La riduzione della compressione erniaria può essere ottenuta meccanicamente con
l’asportazione di parte del nucleo polposo, nucleotomia percutanea, o chimicamente,
chemonucleolisi, con l’iniezione di enzimi (papaina), gel di alcool o gas (miscela di ossigeno
ozono). Non è sempre indispensabile eseguire preliminarmente una discografia, specialmente
nel trattamento dell’ernia con miscela di ossigeno ozono.
Nessuna di queste procedure è realmente alternativa alla chirurgia, cui vanno comunque
riservate le ernie voluminose, estruse o migrate, alla cui identificazione la discografia dà un
significativo contributo. Sono quindi indicate nelle ernie medio-piccole con continuità tra
nucleo polposo e parte erniata indispensabile alla diffusione dell’enzima, del gas, o comunque
alla significatività dell’asportazione meccanica. Non vi sono effetti negativi su un eventuale
intervento chirurgico successivo.
Le biopsie,
di interesse neuroradiologico sono soprattutto le biopsie vertebrali, paravertebrali e discali.
Effettuabili con attrezzatura adeguata (aghi, sonda di Onik, ecc.), con centratura TC o
fluoroscopica.
La vertebroplastica,
si propone il consolidamento del corpo vertebrale, nel caso di grave osteoporosi dolorosa,
fratture patologiche, angiomi vertebrali, ecc. Viene effettuata con l’iniezione nella spongiosa
somatica, via peduncolo vertebrale o con accesso postero-laterale , di uno speciale cemento
plastico (metil-metacrilato). E’ indispensabile che il muro posteriore del corpo vertebrale sia
conservato per evitare la diffusione del cemento nel canale vertebrale, con possibili
gravissime conseguenze. Si tratta di una procedura effettuabile con centratura fluoroscopica o
TC.
L’embolizzazione di lesioni vascolarizzate malformative o neoplastiche sottocutanee,
effettuata generalmente con colla o con prodotti a base di etanolamina oleato, viene utilizzata
nel caso di lesioni anche voluminose, di accesso percutaneo pressoché diretto, quando le
afferenze arteriose siano impossibili da cateterizzare in modo adeguato. Si prevede la puntura
diretta della lesione con un ago metallico, che permette l’iniezione anche a più riprese.
Preliminarmente si effettua una iniezione di contrasto tesa a evidenziare le modalità di
diffusione per tarare dosi e modalità di iniezione.
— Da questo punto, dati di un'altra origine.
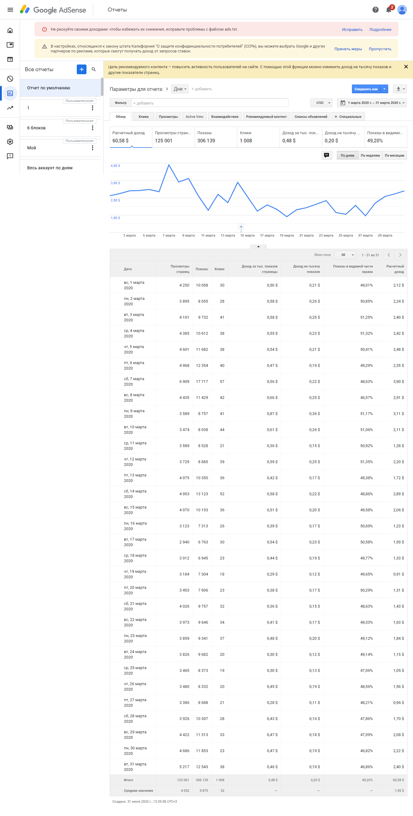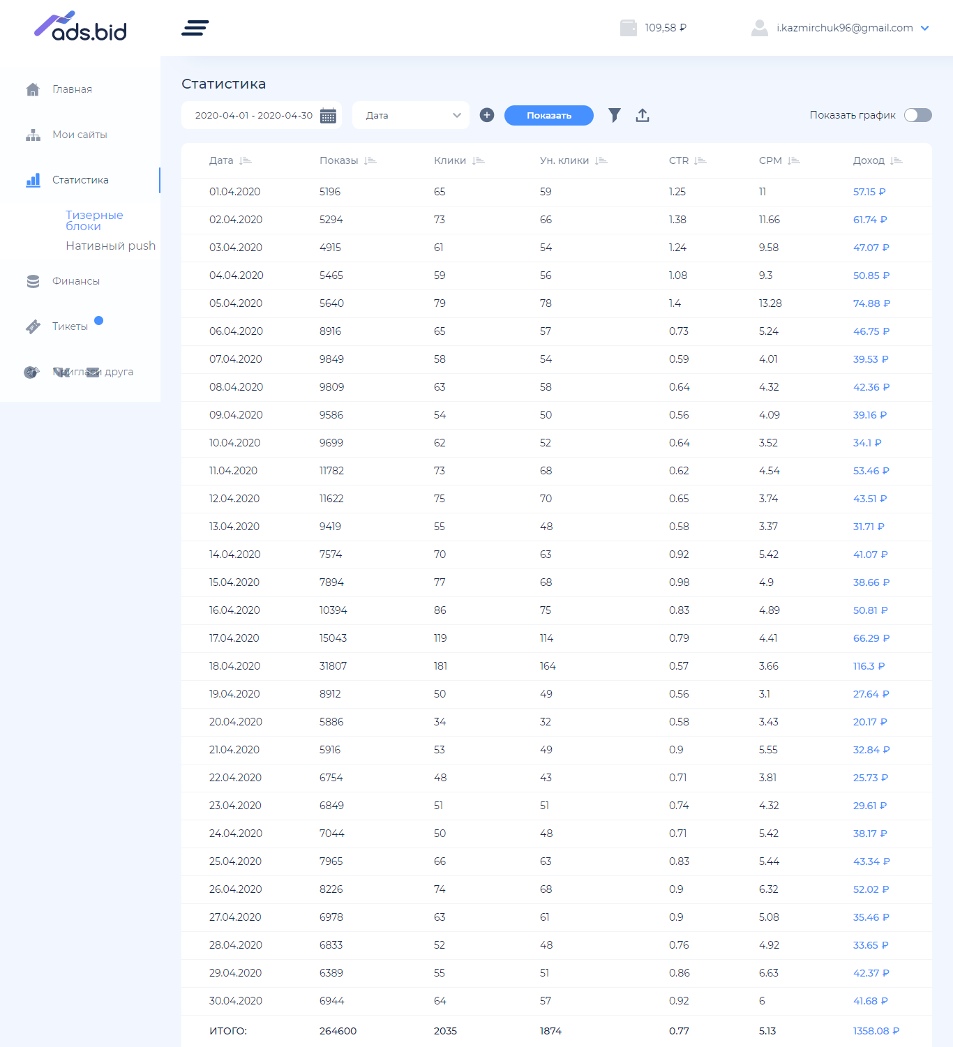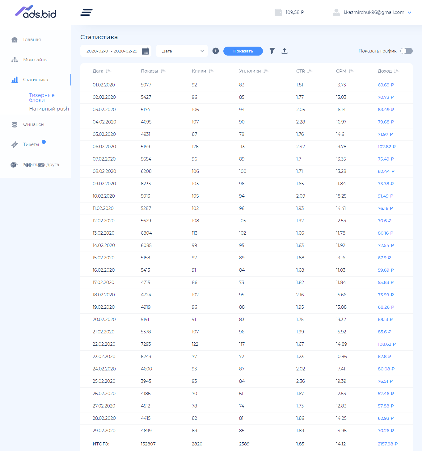 Источники дохода – Adsense, РСЯ, Ads.Bid, PushProfit. Доход на уника составляет около 10 копеек. В PushProfit есть база из 11 000 активных подписчиков.

L’accesso diretto percutaneo è stato proposto anche nelle fistole artero-venose durali quando
non direttamente raggiungibili. L’acceso percutaneo viene permesso da un foro craniotomico
preliminare. La fistola venosa può quindi essere occlusa con l’inserimento di spirali.
Conclusione
Le possibilità terapeutiche della Neuroradiologia interventistica sono ampie e spaziano in
molti campi anche molto diversi fra loro. Le tecnologie utilizzate sono in continua espansione
ed è facile prevedere ulteriori sviluppi in un campo che sempre più si caratterizza come
similchirurgico mininvasivo. La caratteristica però del controllo radiologico, sia esso in
fluoroscopia o sotto TC, rende indispensabile una formazione radiologica ed una conoscenza
dell’anatomia non solo nello specifico dell’organo bersaglio, ma anche nello specifico della
sua estrinsecazione radiologica. Solo così queste procedure, sempre delicate e spesso molto
rischiose, possono essere effettuate in piena sicurezza e con buone probabilità di successo.